As Jesus approaches Jerusalem and the cross, he continues to say much about the poor.
16 ‘The Law and the Prophets were proclaimed until John. Since that time, the good news of the kingdom of God is being preached, and everyone is forcing their way into it. 17 It is easier for heaven and earth to disappear than for the least stroke of a pen to drop out of the Law.
18 ‘Anyone who divorces his wife and marries another woman commits adultery, and the man who marries a divorced woman commits adultery.
19 ‘There was a rich man who was dressed in purple and fine linen and lived in luxury every day. 20 At his gate was laid a beggar named Lazarus, covered with sores 21 and longing to eat what fell from the rich man’s table. Even the dogs came and licked his sores.
22 ‘The time came when the beggar died and the angels carried him to Abraham’s side. The rich man also died and was buried. 23 In Hades, where he was in torment, he looked up and saw Abraham far away, with Lazarus by his side. 24 So he called to him, “Father Abraham, have pity on me and send Lazarus to dip the tip of his finger in water and cool my tongue, because I am in agony in this fire.”
25 ‘But Abraham replied, “Son, remember that in your lifetime you received your good things, while Lazarus received bad things, but now he is comforted here and you are in agony. 26 And besides all this, between us and you a great chasm has been set in place, so that those who want to go from here to you cannot, nor can anyone cross over from there to us.”

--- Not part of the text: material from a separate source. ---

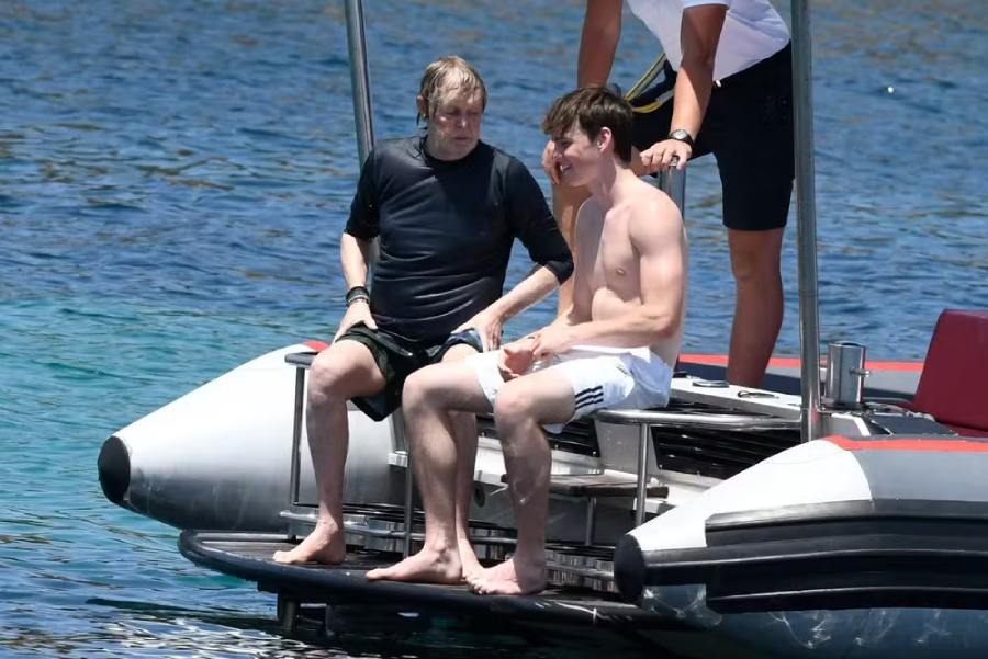 No clique feito por um paparazzi, Paul apareceu ao lado do neto Elliot Donald, de 22 anos, que chamou atenção por sua beleza e boa forma. Os dois foram clicados sentados na beira no iate enquanto conversavam e tomavam sol.
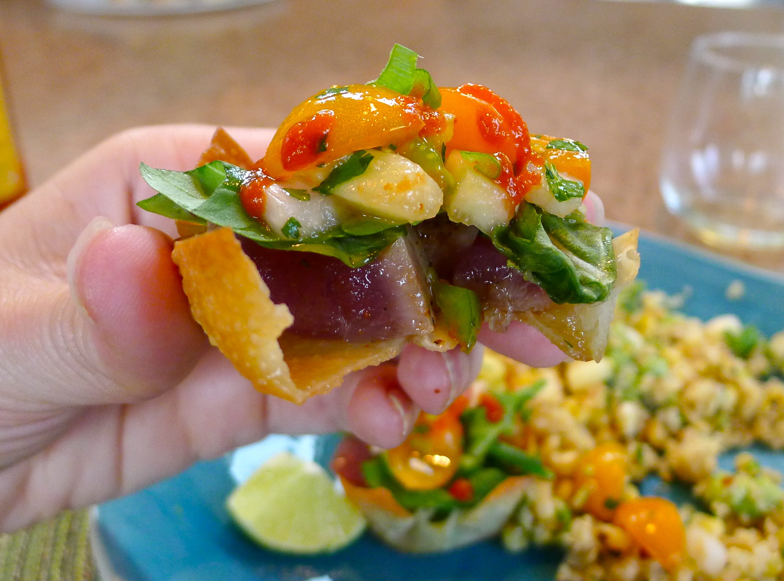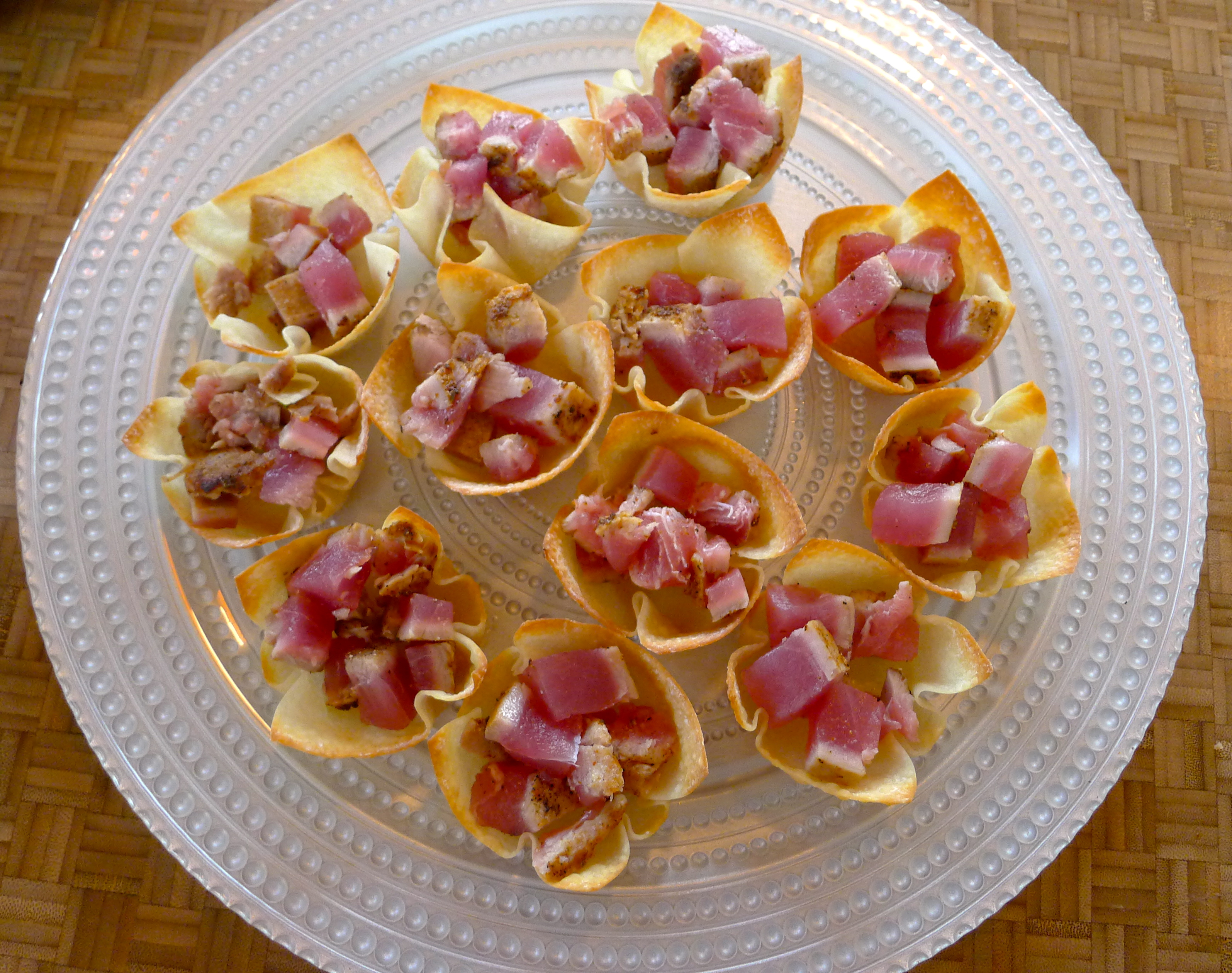 John chopped up the tuna and I put a little in each wonton taco shell.

27 ‘He answered, “Then I beg you, father, send Lazarus to my family, 28 for I have five brothers. Let him warn them, so that they will not also come to this place of torment.”
29 ‘Abraham replied, “They have Moses and the Prophets; let them listen to them.”
30 ‘“No, father Abraham,” he said, “but if someone from the dead goes to them, they will repent.”
31 ‘He said to him, “If they do not listen to Moses and the Prophets, they will not be convinced even if someone rises from the dead.”’
We see more clearly God’s heart for the poor. This story is no exception. In this Grow Daily I want to focus on the rich man and his destiny.
It’s noteworthy that the rich man is not given a name, but the poor man is. To me it indicates that Lazarus was known and loved by God. This rich man was rich indeed! He dressed in purple and fine linen – an indication of his wealth and he lived in luxury every day we are told. We are not told how he became rich – whether or not he inherited it or whether he worked hard for his money. It doesn’t seem relevant to the story Jesus tells. Lazarus lived beside his gate and he probably raided the equivalent of his dumpster for his daily food.
Life deals each of us a different set of cards. Some become rich through hard work and timely opportunities while others inherit their wealth. Some find themselves in poverty all their lives through no fault of their own while others remain in poverty through their own folly.
The other notable aspect of this story is its indication of a destiny for each of us after death. In this story Lazarus is destined to Abraham’s side – an expression to indicate his destiny is with God in heaven. But the rich man’s destiny is apart from God, in Hades, in agony and there is a chasm between the two places, and one cannot move from one place to the other.
There are some obvious questions that this passage throws up about our own destiny whether we end up in heaven or hell – with God or apart from him. One is ‘Did the rich man go to hell because he was rich?’ Other parts of the New Testament drive home the truth that it is trust in Jesus’ perfect substitutionary sacrifice of the cross in our place that gets us to heaven and not the cards of richness or poverty – or somewhere in between – that determines our destiny.
New Testament letter writer James sheds light on what Jesus is emphasising in this story. James says that if a brother or sister is going without daily food and all you say is keep warm and well fed and do nothing about it then you are demonstrating that you have no real saving faith despite what you might claim to the contrary. To the rich who have failed to properly treat their workers or who have ignored the poor amongst them he indicates that God hears their cries and that their corroded wealth will testify against them and eat their flesh alive! Now that’s not a very nice picture.
How we treat the poor in our life indicates the genuineness of our true faith. James also said that faith without works is dead! This passage is a dire warning that each of us claiming faith in Jesus need to heed.
Head: Think about where the poor are located in your world. Those in your church, in your neighbourhood, in your city, in distant parts of the world.
Heart: How closely is your heart aligned with Jesus’ when it comes to his love for the poor?
Hands: What can you do this week to better notice the poor in your world and increase your support for them?
Dear Father in Heaven, this story Jesus told makes us uncomfortable because it shines a light on our hearts and how we treat people poorer than ourselves. Help us with your Holy Spirit to examine our hearts and to make changes so we might better reflect your love for all people especially people like Lazarus.